To reduce the size of the workforce, management plans in particular to rationalize existing positions by eliminating headquarters functions and in particular “the pooling of more than 200 positions in Saint-Étienne”. Also, the 1,293 job cuts envisaged in total in this internal reorganization would then affect the Clichy and Vitry headquarters more. “The Saint Étienne Group headquarters would thus retain 1,010 positions out of the current 1,564.”

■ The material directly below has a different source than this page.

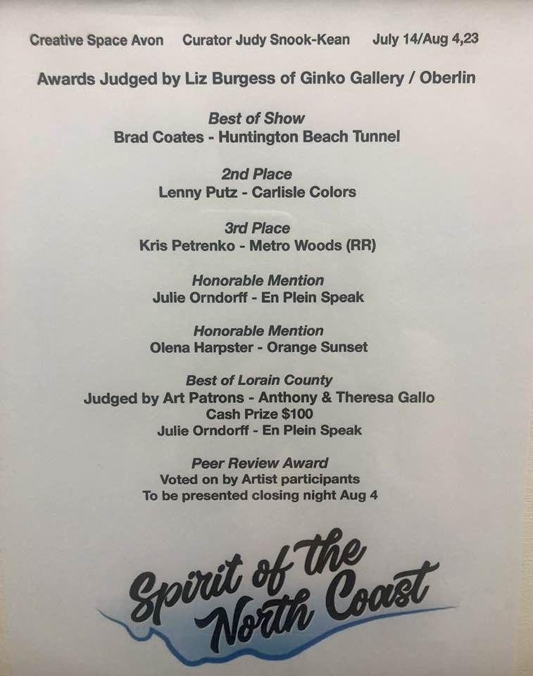July- August 2023 I had a few pieces in a gallery themed “Spirit of the North Coast” whose prerequisite was you had to live in a county that boarders Lake Erie. (Whoop Whoop Lorain County!) The judges included the lady who runs the Ginko Gallery in Oberlin as well as the Lorain County Commissioner and his wife.

As for the other deletions, they will concern the closure of some of the 26 super and hypermarkets still within the group. The latter should not succeed in selling them all, which would imply 1,974 job cuts at most. Same delicate situation for certain warehouses which were intended for super and hypermarkets and which remain unsold.

Suffice to say that the day promises to be intense for the new management which also plans to communicate, at the end of the day, its first quarter results. A first since the takeover by the new shareholders.